Library · paper

Collaborating with AI Agents: Field Experiments on Teamwork, Productivity, and Performance

Harang Ju & Sinan Aral
2025

Source: https://www.semanticscholar.org/paper/a6592233f89114439705adf7244e0fb80bd96e72

Aral and Ju run a genuinely ambitious experiment — 2,234 participants, 11,024 real advertising outputs, a live field test on X generating ~5M impressions — and use it to identify three distinct mechanisms by which AI agents reshape teamwork: more task-oriented communication, increased delegation, and AI-recognition effects that moderate both.

The 'jagged frontier' finding (AI improves text quality but not image quality) connects to the Brynjolfsson task-based economics tradition while adding behavioural texture about what actually changes inside teams.

The 'diversity collapse' mechanism — higher average quality but homogeneous outputs — is the most consequential finding for product direction: organisations adopting AI agents may be trading creative variance for efficiency, a structural shift in organisational capability that compounds over time.

For product leaders, this paper provides empirical scaffolding for thinking about what human-AI collaboration actually does to teams, not as a philosophical proposition but as a measured causal claim about communication patterns, delegation, and output character.

The experimental apparatus itself — a controlled platform producing real-world evaluated outputs — models what rigorous AI organisational research looks like and sets a methodological bar that most adjacent work fails to clear.

Central argument

Ju and Aral run a large-scale field experiment — 2,234 participants producing 11,024 real advertising outputs on X, generating roughly 5 million impressions — to identify three causal mechanisms through which AI agents reshape team dynamics: a shift toward more task-oriented communication, increased delegation to AI, and AI-recognition effects that moderate both. Their 'jagged frontier' finding confirms AI reliably improves text quality but not image quality, consistent with task-based economics frameworks. The most consequential result is 'diversity collapse': AI collaboration raises average output quality while compressing variance, meaning organisations gain efficiency but lose the creative heterogeneity that drives differentiation over time.

Critique

The experiment is conducted entirely within a single platform context — advertising content on X — which raises questions about how far the three mechanisms generalise to product work involving longer time horizons, higher cognitive interdependence, or outputs that are harder to evaluate than ad performance metrics. The AI-recognition effect, which moderates both communication patterns and delegation, is measured at a single point in time; it likely attenuates as AI collaboration becomes ambient and unremarkable, meaning the behavioural findings may describe a transitional period rather than a stable equilibrium. The paper also treats diversity collapse as an organisational-level outcome without fully unpacking whether it is driven by convergence in individual outputs, homogenisation of team processes, or the AI system's own distributional biases — a distinction that matters enormously for any intervention designed to preserve creative variance.

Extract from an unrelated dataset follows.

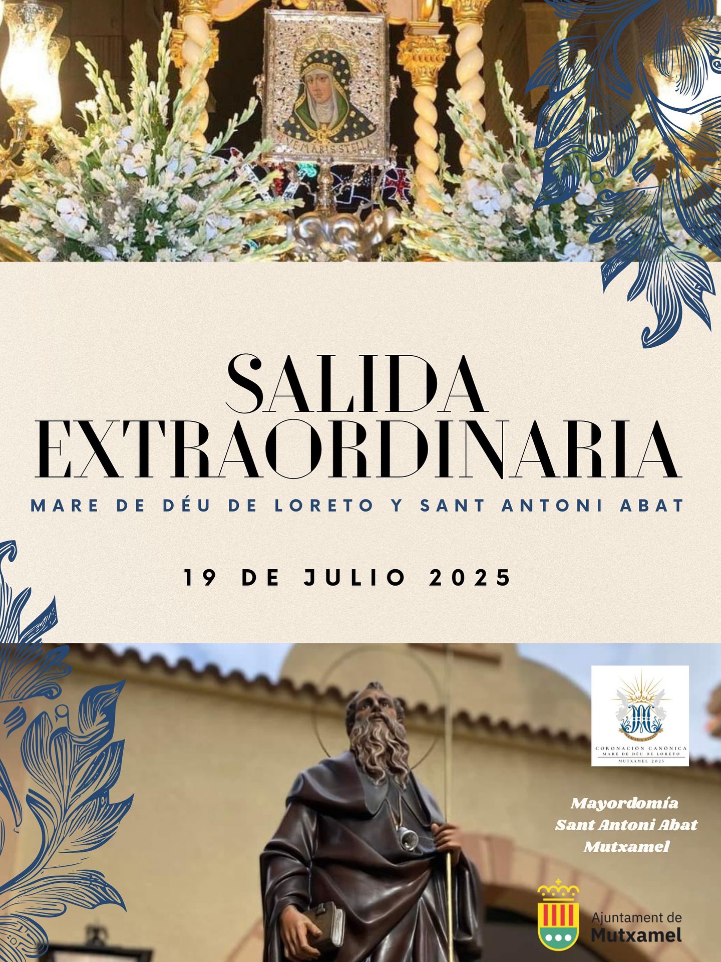 Mutxamel vivirá este sábado 19 de julio una jornada muy especial con la salida extraordinaria de la Mare de Déu de Loreto y Sant Antoni Abat, con motivo del Año de la Coronación Canónica de la patrona.

Why it matters for product

The diversity collapse finding is directly actionable for CPOs making platform and tooling decisions: adopting AI agents across discovery, copywriting, or design workflows may improve average output quality on measurable dimensions while quietly eroding the portfolio variance that produces breakthrough ideas — a compound capability loss that standard productivity metrics will not surface. The shift toward task-oriented communication documented in the experiment suggests that human-AI teams restructure their collaboration around execution rather than exploration, which has implications for how product leaders design rituals, team composition, and the moments in the process where AI assistance is deliberately withheld. The experimental apparatus itself — real outputs, real-world evaluation, causal identification — also sets a methodological template for how product organisations could instrument their own AI adoption to measure structural changes in team behaviour rather than relying on self-reported productivity gains.